* [Brief]: Keep every word of the entries and print them exactly; the pictures stay out.

Records from a data source:
*** Begin section ***

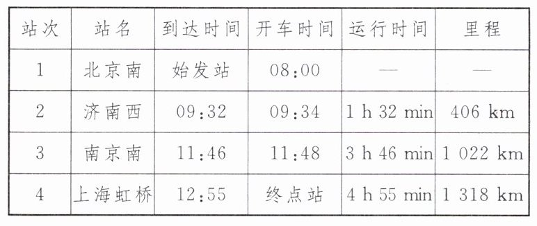 12. 小轩假期去上海姑姑家探亲,坐上北京南站到上海虹桥站的某次高速列车,看到了该列车的运行时刻表如表所示:
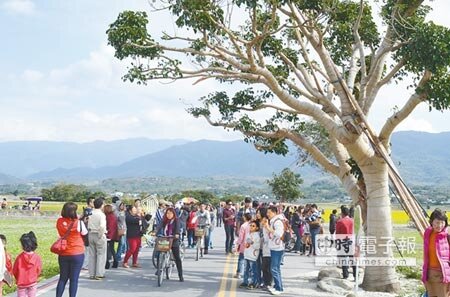 連假期間台東最受歡迎的景點莫過於伯朗大道及金城武樹,3日仍湧進萬人,由於當地禁行汽車,多數遊客都租單車或徒步,人潮將伯朗大道擠得水洩不通。
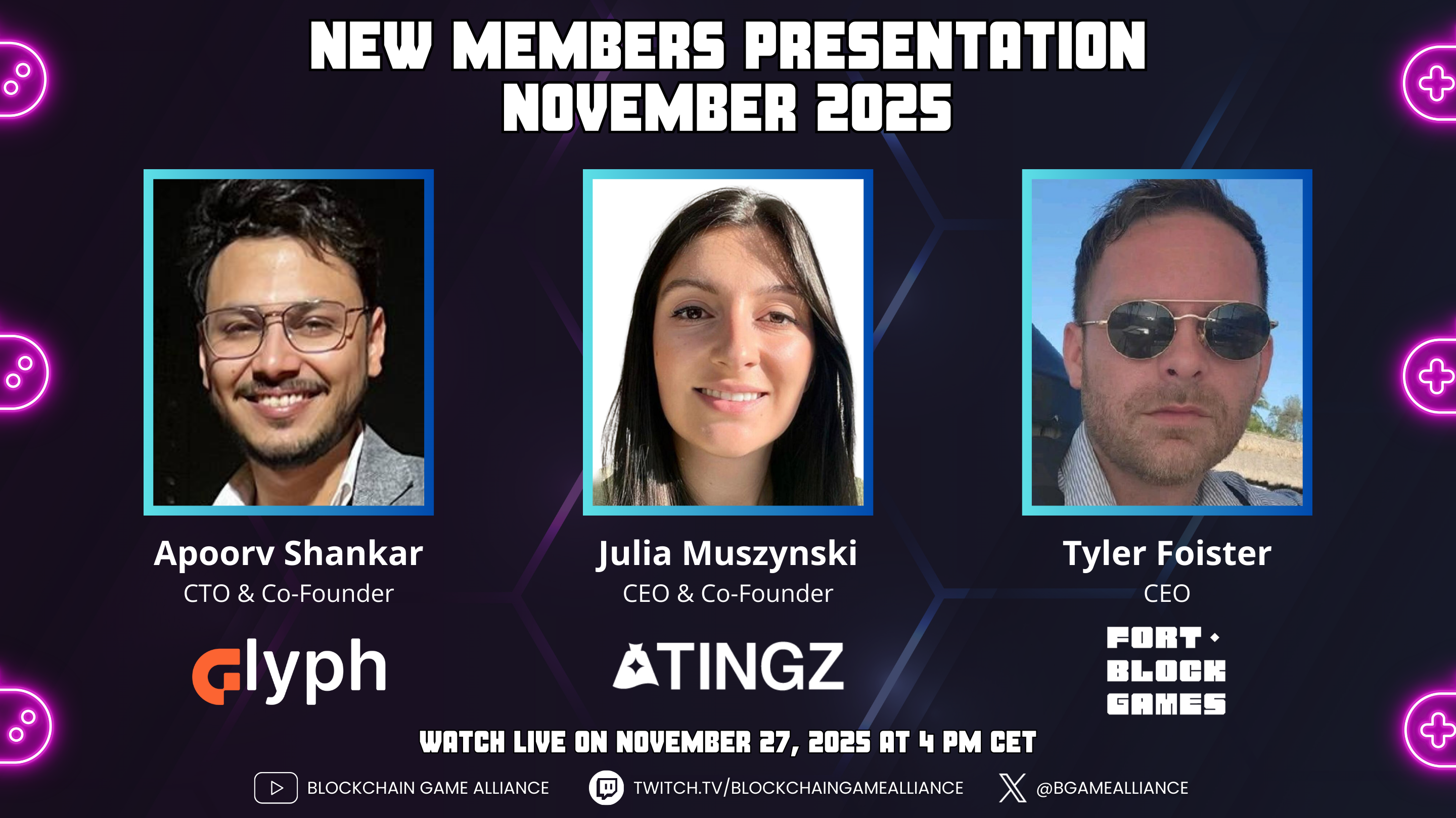 On Thursday, November 27th at 4 PM CET, we will share our stage with our new members who joined the Blockchain Game Alliance recently:
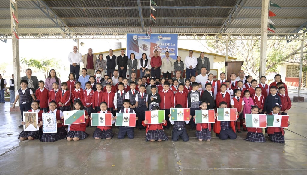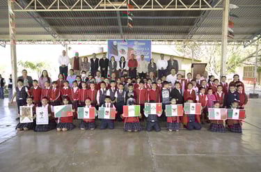 Este 24 de febrero, Mariela López Sosa, presidenta municipal, asistió a la Conmemoración del Día de la Bandera en la Escuela Primaria Venustiano Carranza, ubicada en la colonia Primero de Mayo, bajo la dirección de la maestra Elvia Silva Tinajero.
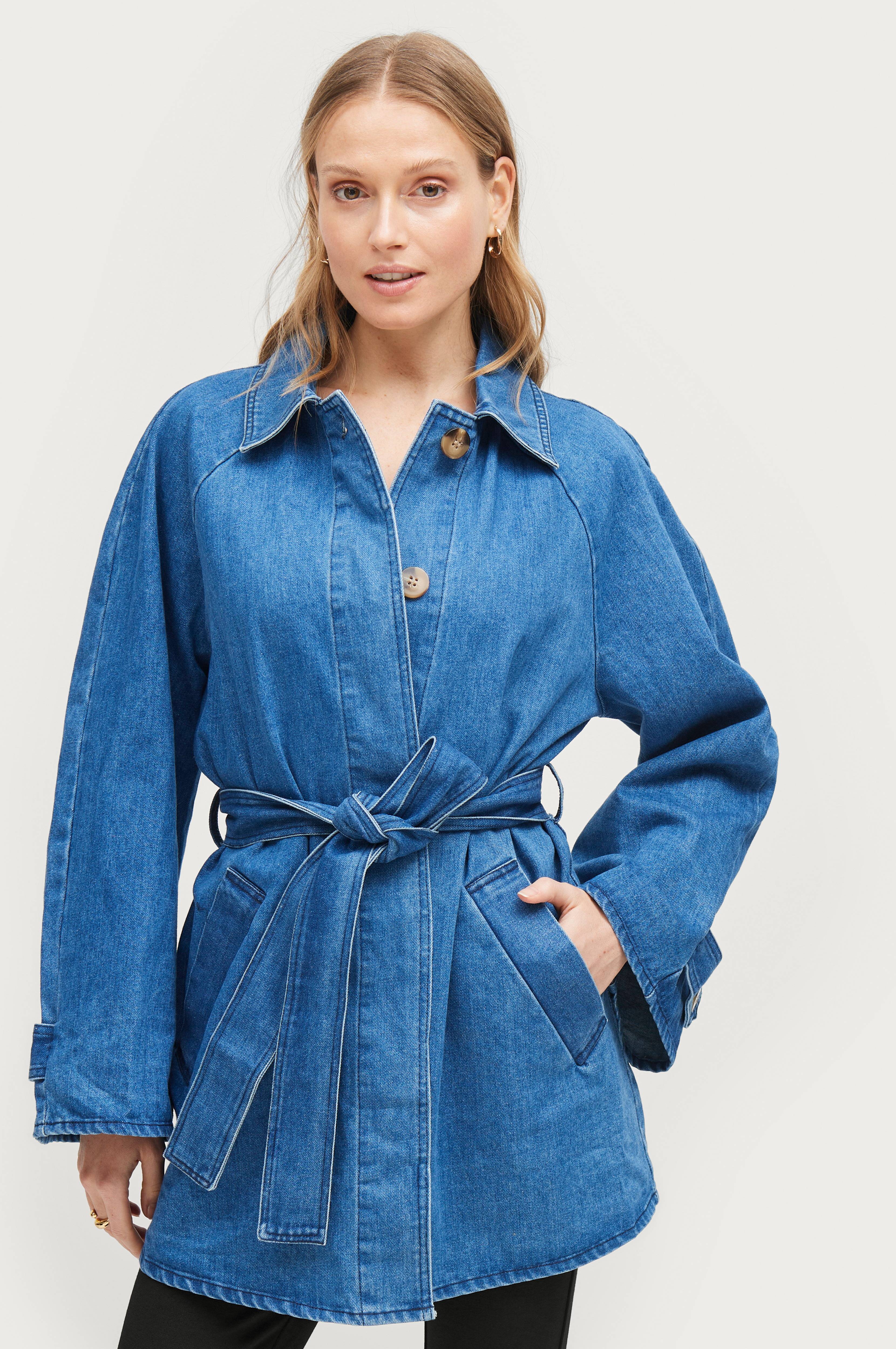 • Kort frakke i denim• Skjulte knapper foran• Brede raglanærmer med rem ved ærmeafslutningerne• To lommer• Bindebælte• Længde: 79 cm i størrelse S

*** End section ***

* [Response]:
 12. 小轩假期去上海姑姑家探亲,坐上北京南站到上海虹桥站的某次高速列车,看到了该列车的运行时刻表如表所示:
 連假期間台東最受歡迎的景點莫過於伯朗大道及金城武樹,3日仍湧進萬人,由於當地禁行汽車,多數遊客都租單車或徒步,人潮將伯朗大道擠得水洩不通。
 On Thursday, November 27th at 4 PM CET, we will share our stage with our new members who joined the Blockchain Game Alliance recently:
 Este 24 de febrero, Mariela López Sosa, presidenta municipal, asistió a la Conmemoración del Día de la Bandera en la Escuela Primaria Venustiano Carranza, ubicada en la colonia Primero de Mayo, bajo la dirección de la maestra Elvia Silva Tinajero.
 • Kort frakke i denim• Skjulte knapper foran• Brede raglanærmer med rem ved ærmeafslutningerne• To lommer• Bindebælte• Længde: 79 cm i størrelse S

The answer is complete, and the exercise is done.